Beach Sweep Sixteen students were “citizen scientists” on Saturday, October 26, tallying and categorizing trash found on Belmar beach as part of Clean Ocean Action’s annual Fall Beach Sweep. They found a lot of small pieces of plastic such as straws, bottle caps, and wrappers, but many other items as well. The outing was organized by the Green Team, which hopes to continue the tradition into future years.
Peer Leaders encourage all to Run for the Cure The Pennington School hosted its tenth annual Run for the Cure on Sunday, October 27, 2019. The Run, organized by the Pennington School senior Peer Leaders, raises money each year for the Susan G. Komen Foundation, an organization that raises awareness, educates the community, funds research, and offers supportive services for those with breast cancer. The Peer Leaders asked participants to support the fight against breast cancer through donations, running, or both.
Despite a torrential downpour, community members came out in great numbers to support this cause!


Guatemala On June 16 through June 26, 2019, Pennington students traveled to beautiful Sipacate, Guatemala, to volunteer with a turtle conservation group in a quiet beach town directly east of Guatemala City. Students helped with activities including patrolling beaches, relocating turtle eggs to hatcheries to protect them from predators, building hatcheries, and releasing turtle hatchlings.
In March 2020, a group of Middle School students will travel to Guatamala to volunteer with the organization From Houses to Homes, working alongside Guatemalan families to build muchneeded housing.

— Kofoworola Jolaoso ’20 Spanish Club pursues service opportunities in Trenton World Language clubs often get involved in community service activities.
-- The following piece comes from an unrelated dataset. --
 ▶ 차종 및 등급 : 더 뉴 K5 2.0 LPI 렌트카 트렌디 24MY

In October 2019, students from the Spanish Club and several Spanish classes went to Trenton to help the Eastern Service Workers Association celebrate Halloween with the children from that community. Jose Hernandez, who is a member of the School kitchen staff, is part of this organization and went on this visit to share the day with the Pennington students.
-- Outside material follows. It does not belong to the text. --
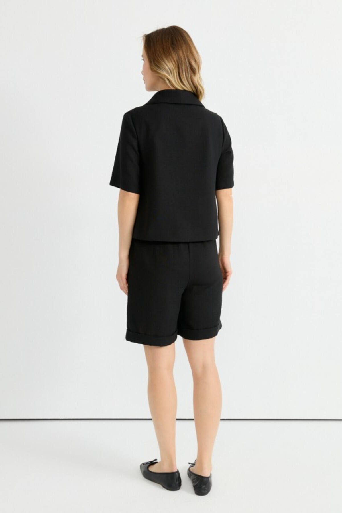 Devrik Yaka Önü Bağlamalı Kısa Kol Ceket Devrik Yaka Önü Bağlamalı Kısa Kol Ceket 25YSL1483 42

“At Pennington, pretty much every student helps in some way with community service—at the HomeFront Holiday Party, Gym & Swim, during food/clothing drives, or even in simple ways like smiling at your peers and holding doors. The Community Service Club participates in and organizes as many events and activities as possible each year.”
—Molly Gibbard ’21


STEM Leaders visit Seix Academy The STEM Leaders Club visits the Christina Seix Academy to work with elementary school students on various activities. On September 25, they helped first-grade classes design and fly paper airplanes. The firstgrade students acted like scientists as they figured out the best way to get their planes to fly through the air. An added challenge was to carry as many paper clips as possible.